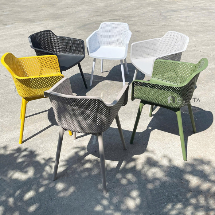 Với thiết kế tối ưu, chất liệu bền bỉ và tính năng tiện ích, ghế cafe nhựa đúc có tay CC1581-S là lựa chọn tuyệt vời cho những không gian quán cafe, nhà hàng hay khu vực ăn uống ngoài trời. Tại Capta, chúng tôi cam kết mang đến sản phẩm chất lượng cao, giá cả hợp lý và dịch vụ tư vấn tận tình để giúp bạn chọn lựa được sản phẩm phù hợp nhất cho không gian của mình.
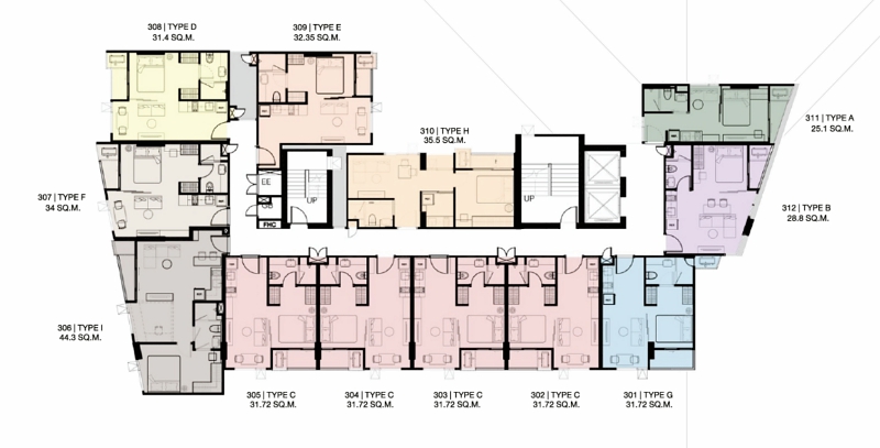 ผังชั้น 2 ของอาคาร ส่วนยูนิตที่พักอาศัยเริ่มที่ชั้นนี้ค่ะ โดยมีความหนาแน่นยูนิตที่ 9 ยูนิตต่อชั้น โดยจะมีประตูพร้อม Access Card ผ่านเข้าออกเพื่อความเป็นส่วนตัวของผู้พักอาศัยในชั้นนี้ค่ะ ความพิเศษของชั้น 2 คือจะมีล็อบบี้ของโครงการอยู่ โดยมีที่นั่งพักผ่อนและล็อกเกอร์สำหรับเก็บของ และมีห้องฟิตเนสอยู่ที่ชั้นนี้ด้วย
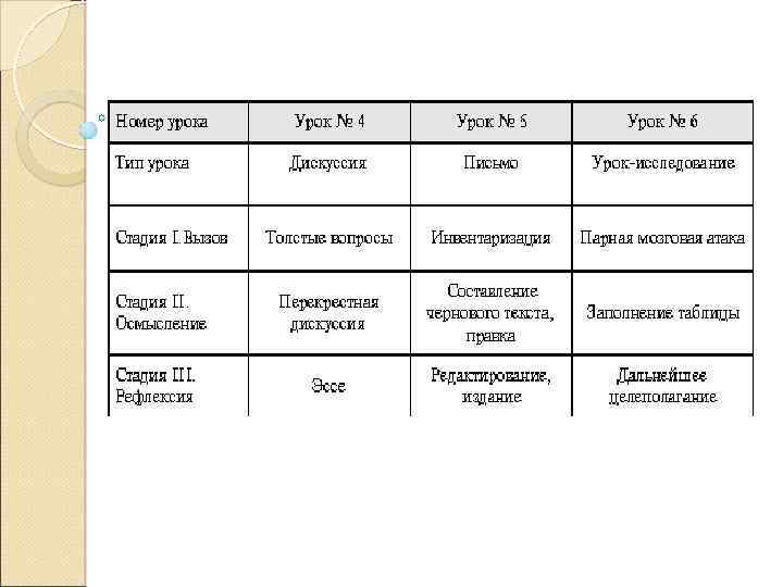 В технологии КМ выделяются три стадии: 1) вызов; 2) осмысление новой информации; 3) рефлексия.
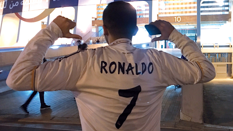 مشجع مدريدي يرتدي قميص الريال باسم رونالدو أمام استاد مدينة زايد. الإمارات اليوم
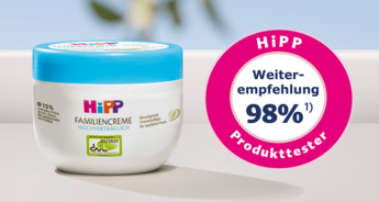 Die neue HiPP HOCHVERTRÄGLICH Familiencreme überzeugt! Klare Weiterempfehlung unserer befragten Eltern. Jetzt mehr erfahren!
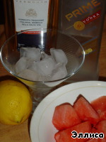 Арбуз очищаем от кожицы и косточек, нарезаем маленькими кусочками. Бокал "Маргарита" заполняем льдом.
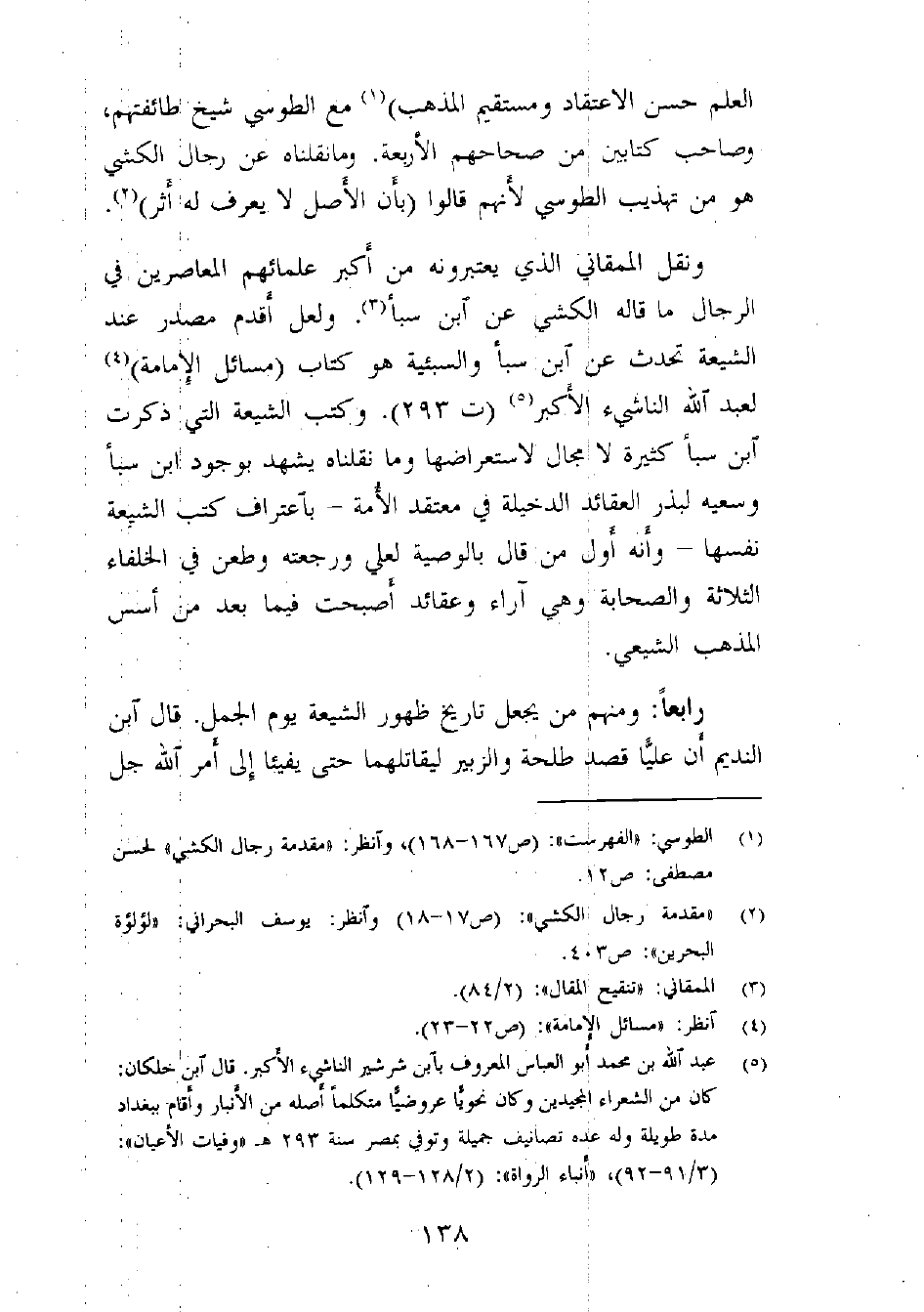 ونقل الممقاني ـ الذي يعتبرونه من أكبر علمائهم المعاصرين في الرجال ـ ما قاله الكشي عن ابن سبأ (¬3) . ولعل أقدم مصدر عند الشيعة تحدث عن ابن سبأ والسبئية هو كتاب (مسائل الإمامة) (¬4) لعبد الله الناشئ الأكبر (¬5) (ت 293) . وكتب الشيعة التي ذكرت ابن سبأ كثيرة لا مجال لاستعراضها، وما نقلناه يشهد بوجود ابن سبأ وسعيه لبذر العقائد الدخيلة في معتقد الأمة - باعتراف كتب الشيعة نفسها - وأنه أول من قال بالوصية لعلي ورجعته وطعن في الخلفاء الثلاثة والصحابة، وهي آراء وعقائد أصبحت فيما بعد من أسس المذهب الشيعي.
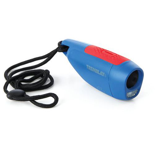 | Intitulé du produit | Sifflet électronique rechargeable, Matériau: PVC, Coloris: Bleu/rouge, Sifflet niveau sonore: Strident |
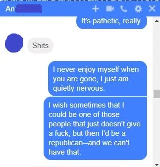 Mostly though, I just feel lonely and anxious this week because my good friend is out on the road, and with the road being the dangerous place that it is these days, I find it hard to focus on assholes in D.C. or the assholes at FOX News.
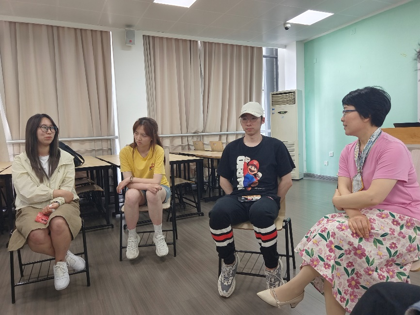 最后一项活动,何惠老师指定一位同学作为“演员”,在连续三分钟的时间内不停说话,内容不限;其余人在倾听的过程中要观察“演员”的动作神态,感受自己的想法以及情绪。三分钟过后,大家从不同的角度观察到了很多不一样的东西,虽然“演员”说的话与大家并无联系,但每个人都意外地收获了很多感悟,也进一步理解了自己的内心。

..........

Word for word, restate the lines above from the one with "Die neue HiPP" through the one with "sonore: Strident |", keeping both ends and dropping the pictures.

◆ **The completed task**
 Die neue HiPP HOCHVERTRÄGLICH Familiencreme überzeugt! Klare Weiterempfehlung unserer befragten Eltern. Jetzt mehr erfahren!
 Арбуз очищаем от кожицы и косточек, нарезаем маленькими кусочками. Бокал "Маргарита" заполняем льдом.
 ونقل الممقاني ـ الذي يعتبرونه من أكبر علمائهم المعاصرين في الرجال ـ ما قاله الكشي عن ابن سبأ (¬3) . ولعل أقدم مصدر عند الشيعة تحدث عن ابن سبأ والسبئية هو كتاب (مسائل الإمامة) (¬4) لعبد الله الناشئ الأكبر (¬5) (ت 293) . وكتب الشيعة التي ذكرت ابن سبأ كثيرة لا مجال لاستعراضها، وما نقلناه يشهد بوجود ابن سبأ وسعيه لبذر العقائد الدخيلة في معتقد الأمة - باعتراف كتب الشيعة نفسها - وأنه أول من قال بالوصية لعلي ورجعته وطعن في الخلفاء الثلاثة والصحابة، وهي آراء وعقائد أصبحت فيما بعد من أسس المذهب الشيعي.
 | Intitulé du produit | Sifflet électronique rechargeable, Matériau: PVC, Coloris: Bleu/rouge, Sifflet niveau sonore: Strident |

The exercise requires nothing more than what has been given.